"Narrow cloth" (streit, strait,[1] narrow ware articles, narrow ware woven[2]) is cloth of a comparatively narrow width, generally less than a human armspan; precise definitions vary.
Historically, human factors and ergonomics limited the width that could practically be woven by a single weaver on a handloom. The weaver had to be able to reach both edges of the cloth, so they could throw the shuttle through the shed. A weaver thus could not weave a bolt wider than their armspan.[3] So cloth was typically made in narrow widths on narrow-width handlooms.[4][5]
Wider widths once had to be woven with a person on each side of the loom, usually the master weaver and an apprentice, throwing the shuttle back and forth between them.[6]: 29 [3] In 1733, the flying shuttle was invented. Flying shuttles made it possible for a single hand weaver to weave widths greater than their armspan, halving the labour required to make broadcloth.[7] Fabric widths became limited by the impracticality of transporting very wide bolts and looms.

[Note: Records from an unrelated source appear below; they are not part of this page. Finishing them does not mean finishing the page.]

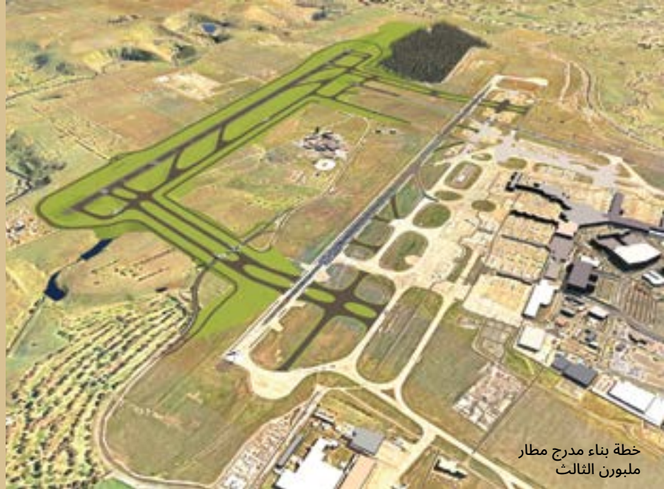
خطة بناء مدرج مطار ملبورن الثالث

يُعتبر مطار ملبورن مركزاً مهماً للشبكات الدولية والمحلية في أستراليا ويلتمس المطار حالياً موافقة الحكومة الفيدرالية لبناء مدرج جديد شمالي جنوبي سيؤدي إلى تغيير مسارات الطائرات حول ملبورن. من المهم أن نبقىك على اطلاع دائم بما يحدث وأن نستمر في معرفة ما هو مهم بالنسبة لك.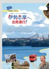
Youth Hostel Pick up ..... P08 伊勢志摩へ、出発進行! 伊勢志摩ユースホステル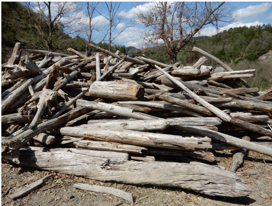
流木(大)の仮置き状況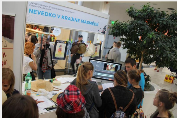
Obr. 2.: Katedra slovakistiky, slovanských filológií a komunikácie FF UPJŠ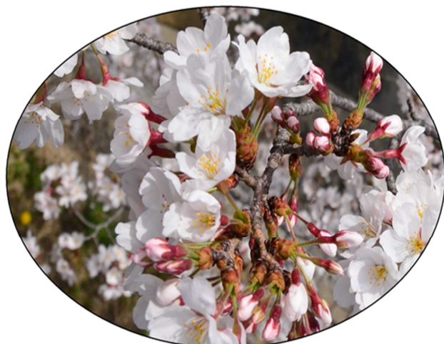
西宮市の花:さくら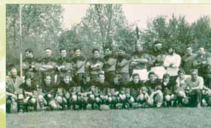
Equipe de Yerros en 1969. Cf. ROY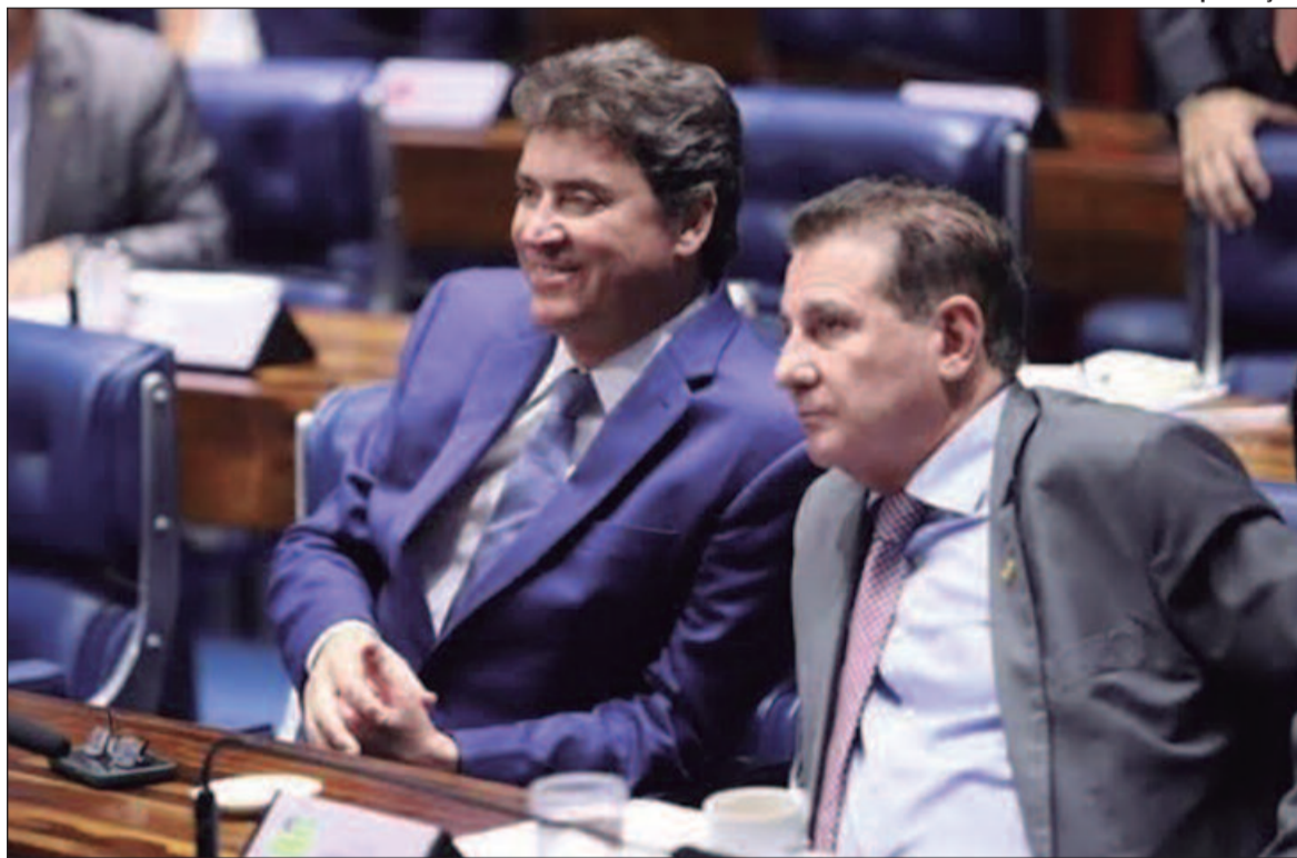
Alvo de críticas, a PEC do Quinquênio deve voltar ao centro das discussões no Senado Federal

O PL 2.721/2021, por exemplo, que está em análise na Comissão de Constituição e Justiça (CCJ),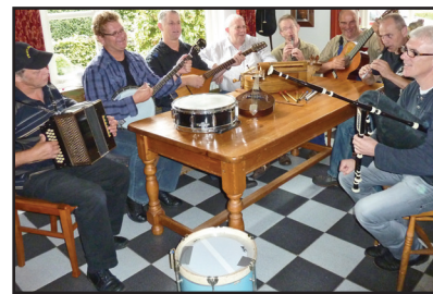
Middag van het Brabantse lied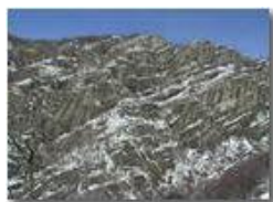
Le rocce del M. Pianetto spolverate di neve

Pietro Marcheselli - Olympus Camedia 3000 2002 - Inverno - Savignone - Paesi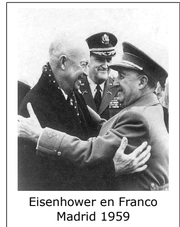
Eisenhower en Franco Madrid 1959

de VS steun aan toetreding van Spanje tot de Verenigde Naties in ruil voor luchtmachtbases op het Iberisch schiereiland. Bij zijn inauguratie in januari 1953 benadrukte president Eisenhower het belang van goede relaties met Spanje en in september van datzelfde jaar werd een defensiepact tussen Spanje en de VS ondertekend. Maar Spanje werd wel buiten de Nato gehouden. Toetreding tot de verdragsorganisatie werd pas werkelijkheid in 1982, ruim na Franco's overlijden. Maar Franco beleefde wel een hoogtepunt in zijn buitenlandse carrière, met de acceptatie van een uitnodiging aan Eisenhower voor een bezoek aan Madrid. Dat vond plaats in december 1959. Ook bij het Vaticaan boekte Franco succes. Reeds in 1948 startte overleg over een concordaat met de kerk dat in 1953 werd bekrachtigd (zie het artikel over het Nationaal-Katholicisme op deze site).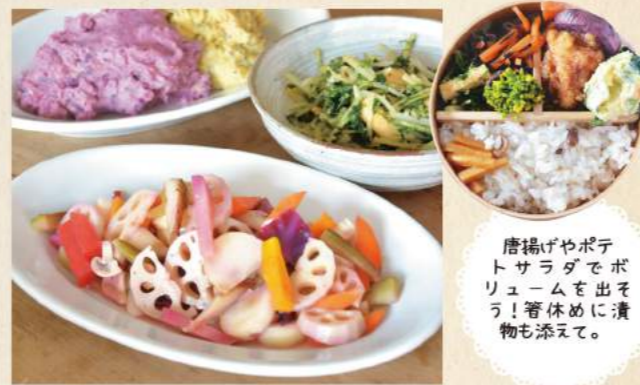
唐揚げやポテトサラダでボリュームを出そう! 箸休めに漬物も添えて。

夫婦の愛情がたっぷり詰まったお総菜 包丁で細く刻む方がおいしいからとスライサーや機械は一切使わず毎日早朝から夫婦で仕込みを開始する。地元食材を使い、一品一品手づくりを心がけた弁当や総菜は、それぞれ約10種が店頭に並び。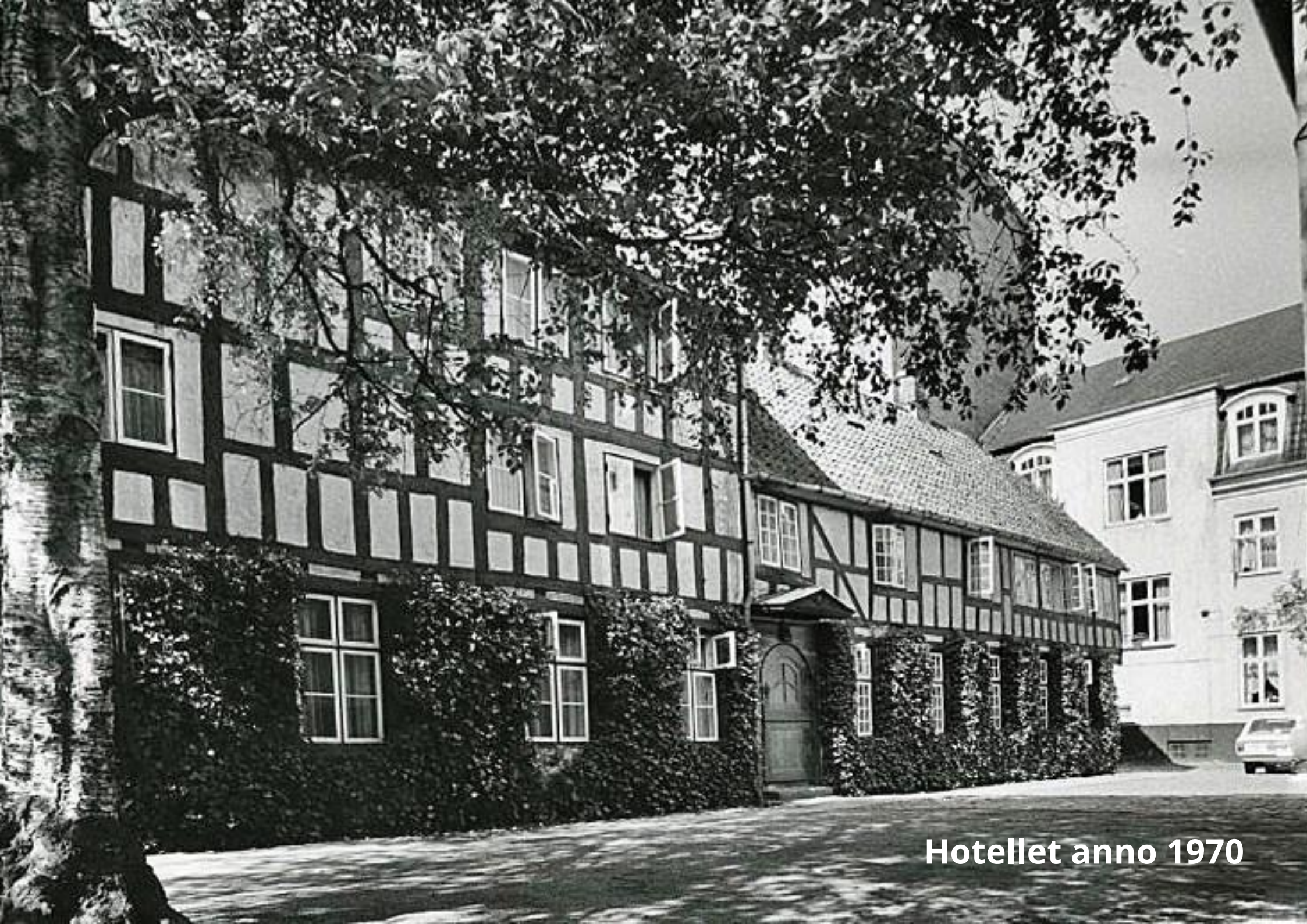
Hotellet anno 1970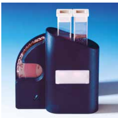
CHECKIT® komparator sa diskom, difuzerom i kivetima - pogled sa zadnje strane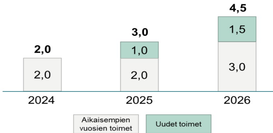
Kuvio 1. Sopeutustoimien vuosittainen kokonaisvaikutus (oletus, että aiempien vuosien toimet jäävät pysyviksi)

Tämän välilehden tarkoituksena on ilmoittaa alueen muutosohjelman kokonaisvaikutus. Toimenpiteet-välilehden tiedot eivät korvaa tämän välilehden tietoja, mutta ilmoita alla olevaan taulukkoon tavoiteltava vuosittainen kokonaisvaikutus. Vuosittaiseen kokonaisvaikutukseen tulee sisältyä aikaisempien vuosien toimenpiteiden vaikutus. Taulukko laskee automaattisesti vuoden 2026 loppuun kertyneen kumulatiivisen kokonaisvaikutuksen. Voit näin tarkastaa vastaako kumulatiivinen kokonaisvaikutus esimerkiksi aikaisempien vuosien toimenpiteiden vaikutusta. Ilmoita lisäksi omaan kenttäänsä raportointihetken ennuste kustannusvaikutuksesta. Ilmoita lisäksi, kuinka paljon kustannusvaikutuksesta on huomioitu kyseiset toimenpiteet.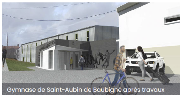
Gymnase de Saint-Aubin de Baubigné après travaux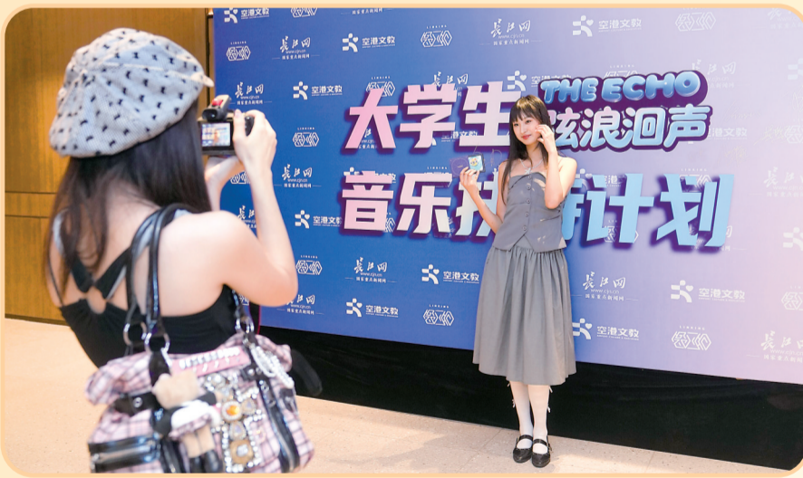
“弦浪回声”湖北·武汉大学生音乐扶持计划吸引30余所在汉高校的500余名大学生报名参赛。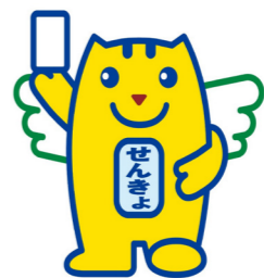
明るい選挙キャラクター 選挙のめいすいくん

4月21日(日)雄武町議会議員選挙が執行され、定数10人に対し、新人を含む12人が立候補しました。当選者別の得票数は次のとおりです。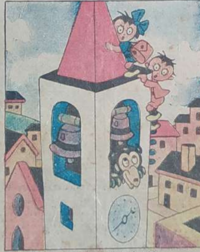
8. Salvi son, ma con ansia e terrore, son costretti a trascorrere l'ora.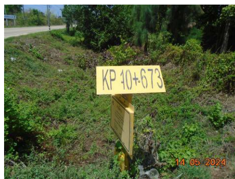
ภาพที่ 2-43 ป้ายแนวท่อและขอบเขตพื้นที่ข้างแนวท่อส่งก๊าซ ธรรมชาติ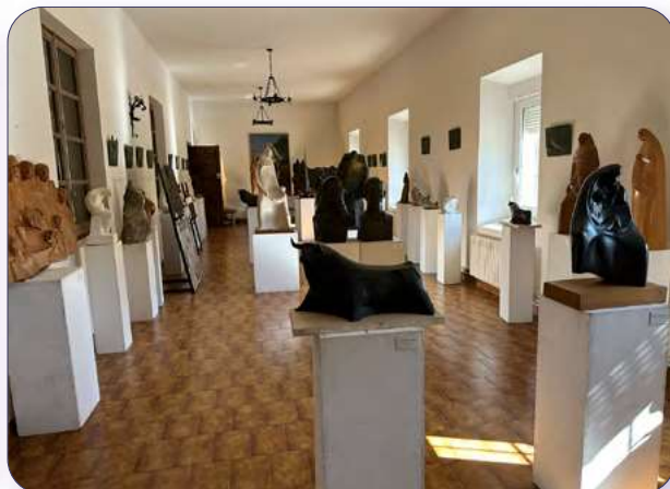
Museo Fray Alfonso Salas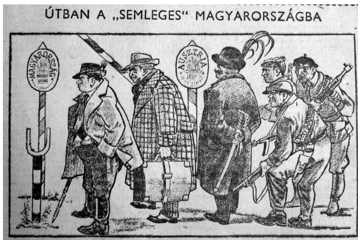
1. kép: Gúnyrajz az Új Szó 1956. november 1-jei különszámából

A Csehszlovák Sajtóiroda hírei mellett – természetesen a forrás megjelölése nélkül – megjelentek bennük a Rudé právo ból átvett vezércikkek és kommentárok éppúgy, mint a hűségnyilatkozatok, köztük a Csemadok október 29-i nyilatkozatának a kivonata is. 28 Előfordult, hogy a különszám önálló, a rendes lapszámban nem közölt írással jelentkezett, 29 ez azonban inkább kivételnek számított, s szövegei általában a rendes lapszámokból egy az egyben átvett vagy összeollózott írások voltak, amelyeknek gyakran még a címén sem változtattak. Többször közöltek ugyanakkor olyan, az „ellenforradalmárokat” kifigurázó gúnyrajzokat, amelyek a lap szlovákiai számaiban nem jelentek meg. 30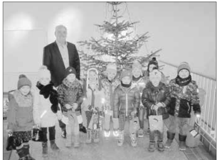
Kinder des Kinderhauses Rappelkiste schmückten dieses Jahr den Weihnachtsbaum im Rathaus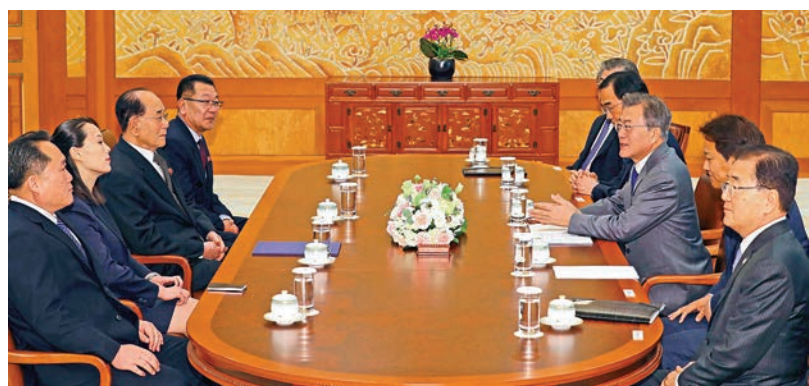
青瓦台與韓國總統文在寅(左)10日在會面

【大公報訊】綜合韓聯社、美聯社、新華社、英國《衛報》報道：韓國平昌冬奧會正式拉開帷幕之際，朝鮮「禮儀元首」金永南和朝鮮領導人金正恩的胞妹金與正率領代表團，到訪韓國總統府青瓦台，會晤韓國總統文在寅並共進午餐。其間，金與正向文在寅遞交金正恩親筆信，並轉達了他對文在寅訪問朝鮮的口頭邀請。文在寅回應稱會創造條件訪朝。文在寅還與朝鮮代表團一起觀看了韓朝女子冰球聯隊的比賽。

Various maximum measures of breadth were used to legally define narrow cloth, and "broadcloth" was often regulated to be twice the width of narrow cloth (antonym to "narrow cloth", but later came to mean a particular type of cloth (see broadcloth).[1] The 1909 Webster's dictionary (as reprinted in 1913) defines broadcloth as "A fine smooth-faced woolen cloth for men's garments, usually of double width".[8] thus giving both the old breadth-based distinction and the newer definition based on the type of cloth. Broadwoven and narrow woven are unambiguous terms, used by the US government.[9]